→ **Required work**
From the line containing "暑い中の競技だったので、空腹" to the end of the records, print every line exactly, both ends included, and leave out the pictures.
++++++
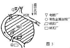 1、单选题 读图3,从环境保护的角度考虑,图中四个工厂区位选择比较合理的是(?)
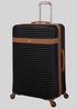 Jet away in style with this absolute classic from IT Luggage. Created with a ribbed hard shell in a black base colour, it's finished with practical carry handles (including one extendable handle), secure zip fastenings, and an X-shaped buckle fastening to the interior to keep the contents organised and safe. More colours available.
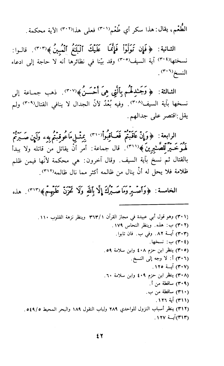 الرابعة: {وَإِنْ عَاقَبْتُمْ فَعَاقِبُوا10 بِمِثْلِ مَا عُوقِبْتُمْ بِهِ وَلَئِنْ صَبَرْتُمْ لَهُوَ خَيْرٌ لِلصَّابِرِينَ} 11 قال جماعة أمر أَنْ يُقَاتِلَ مَنْ قَاتَلَهُ وَلا يَبْدَأُ بِالْقِتَالِ ثم نسخ بآية السيف وقال آخرون هي محكمة لأنها فِيمَنْ ظُلِمَ ظَلامَةً فَلا يَحِلُّ لَهُ أَنْ ينال من ظالمه أكثر مما نال ظالمه12.
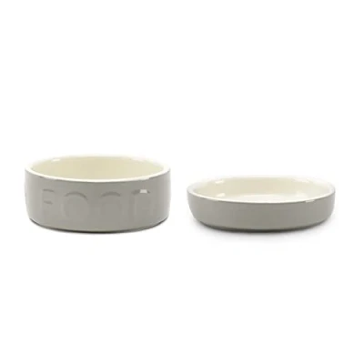 This 2 Piece Set contains 1 x Scruffs Classic Pet Saucer – 13cm in Grey and 1 x Scruffs Classic Food Bowl - 13cm in Grey Thick sides help keep food cooler for longer, with ergonomic finger hold for easier serving and lifting Made from heavy stoneware ceramic to help prevent pets from moving the bowls around when eating Chip and bite resistant as well as dishwasher and microwave safe The pet saucer helps with whisker fatigue. Cats suffer from whisker fatigue if their cheek and chin are continually pressing against bowls when drinking. Our cat saucer is just 3cm high, which allows whiskers to avoid walls when drinking
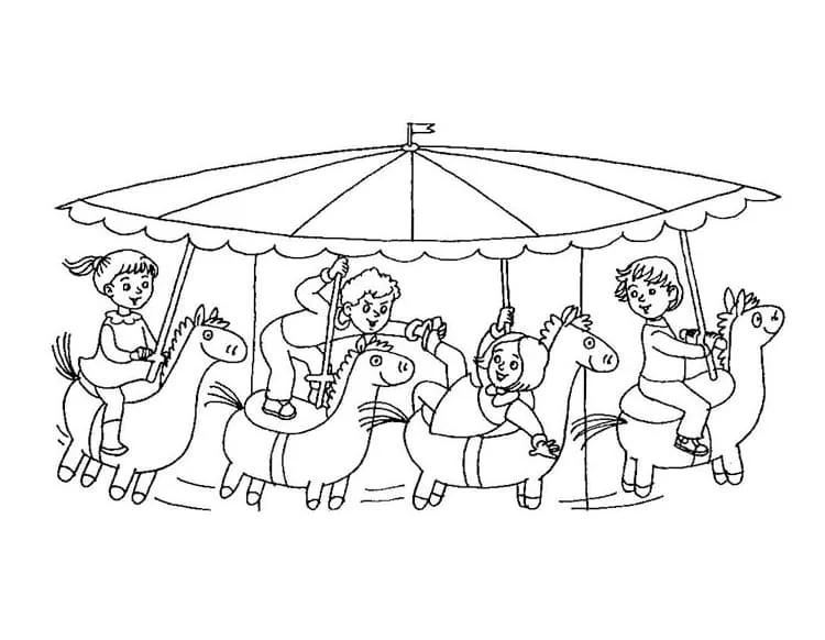: Druckbar herunterladen Kinder auf dem Karussell Malvorlage
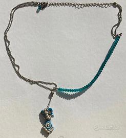 Deliziosa collana Thun con ciondolo a forma di farfalla. Collana con pendenti in ceramica e cristalli azzurri silver.
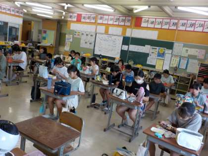 暑い中の競技だったので、空腹と疲れ気味で帰校しました。おうちの方につくっていただいたお弁当を黙々と食べ、ちょっと元気が回復したようでした。
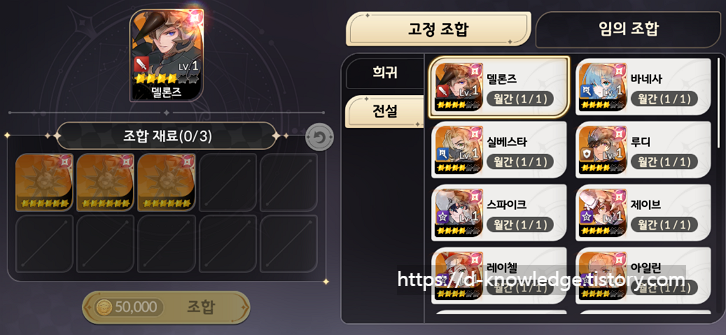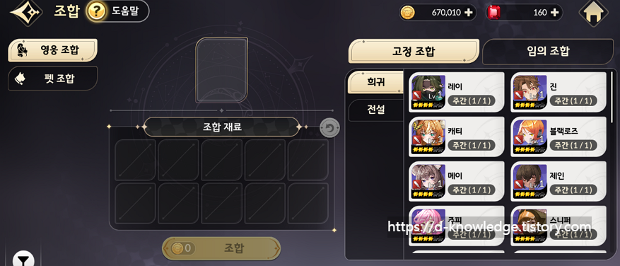 세븐나이츠 리버스에서의 조합 시스템은 3성 영웅 4개를 사용해 4성 희귀 영웅 1명을 얻는 기능입니다.
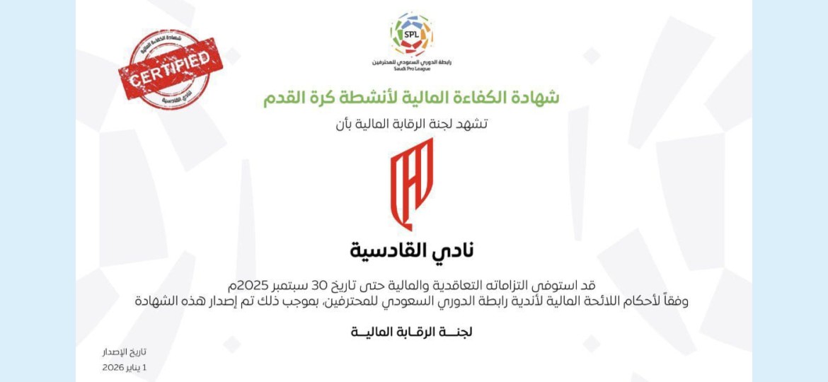 أعلنت لجنة الرقابة المالية لأندية رابطة الدوري السعودي للمحترفين، صدور شهادة الكفاءة المالية لأنشطة كرة القدم لنادي القادسية، وذلك وفقًا لأحكام اللائحة المالية لأندية الرابطة، بعد استيفاء النادي لجميع المتطلبات والمعايير المعتمدة.
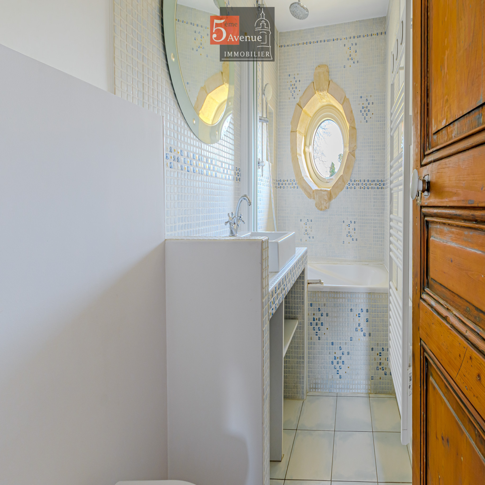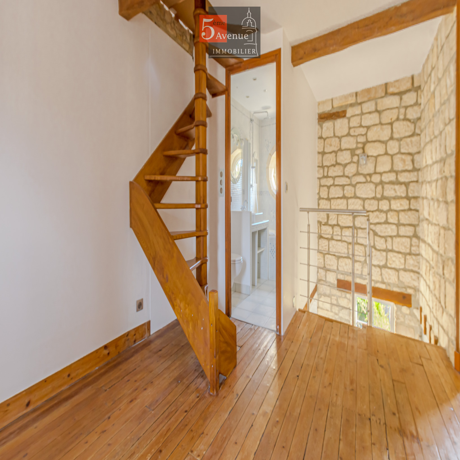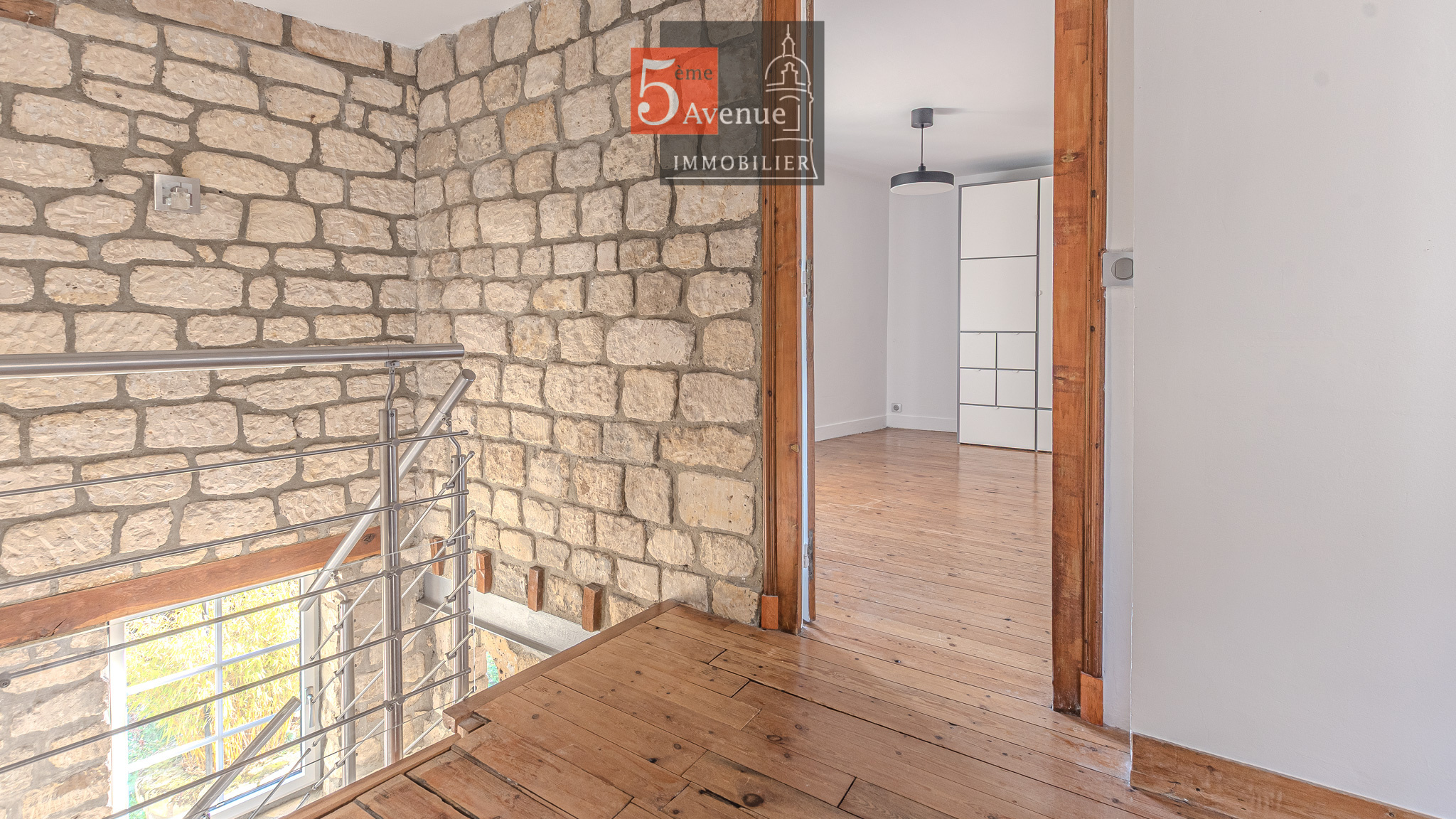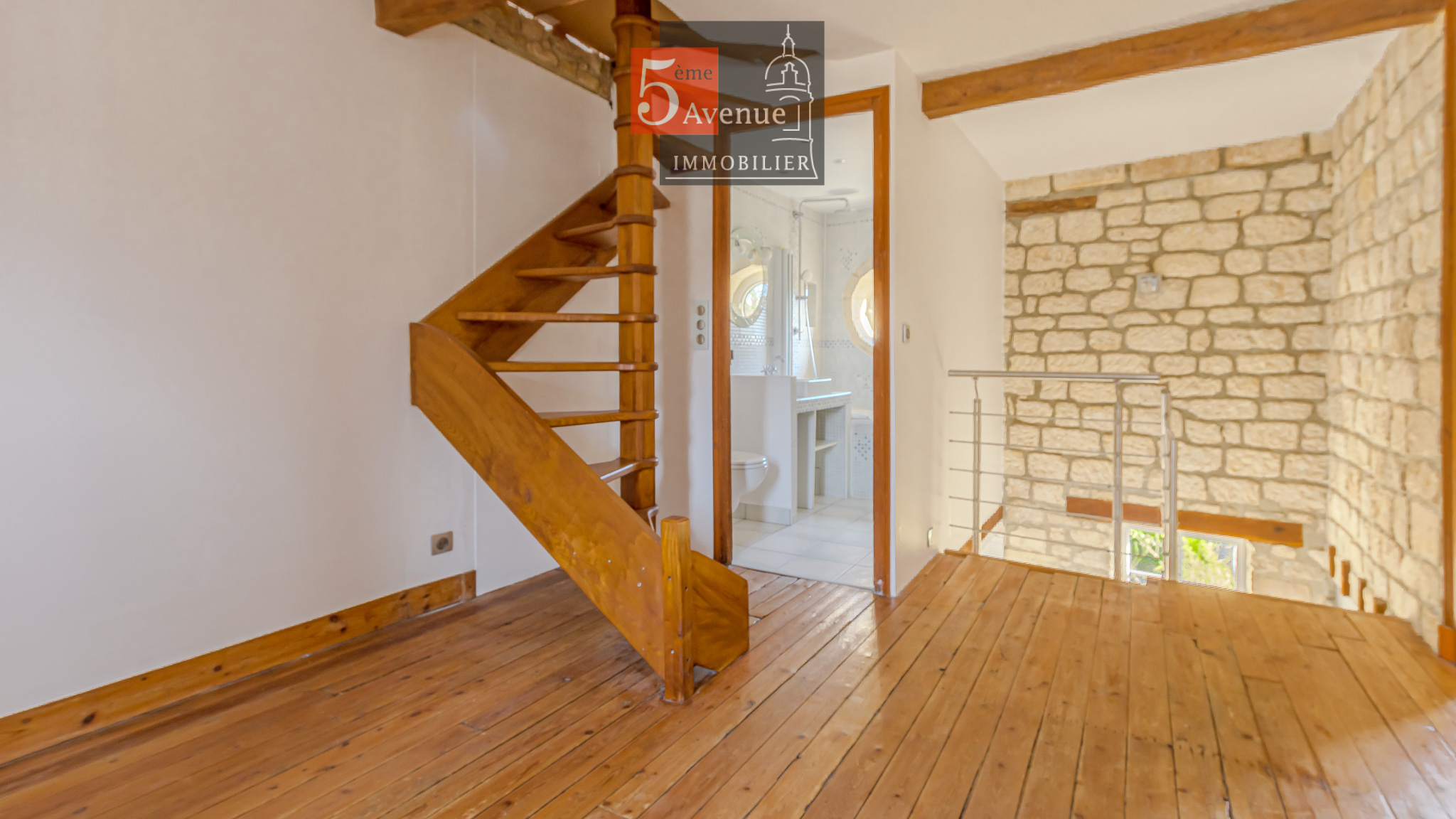 À l’étage, un palier spacieux de 14 m², idéal pour un bureau ou un espace détente, dessert deux belles chambres ainsi qu’une salle de bains.
++++++
→ **Output for this exercise**
 暑い中の競技だったので、空腹と疲れ気味で帰校しました。おうちの方につくっていただいたお弁当を黙々と食べ、ちょっと元気が回復したようでした。
 세븐나이츠 리버스에서의 조합 시스템은 3성 영웅 4개를 사용해 4성 희귀 영웅 1명을 얻는 기능입니다.
 أعلنت لجنة الرقابة المالية لأندية رابطة الدوري السعودي للمحترفين، صدور شهادة الكفاءة المالية لأنشطة كرة القدم لنادي القادسية، وذلك وفقًا لأحكام اللائحة المالية لأندية الرابطة، بعد استيفاء النادي لجميع المتطلبات والمعايير المعتمدة.
 À l’étage, un palier spacieux de 14 m², idéal pour un bureau ou un espace détente, dessert deux belles chambres ainsi qu’une salle de bains.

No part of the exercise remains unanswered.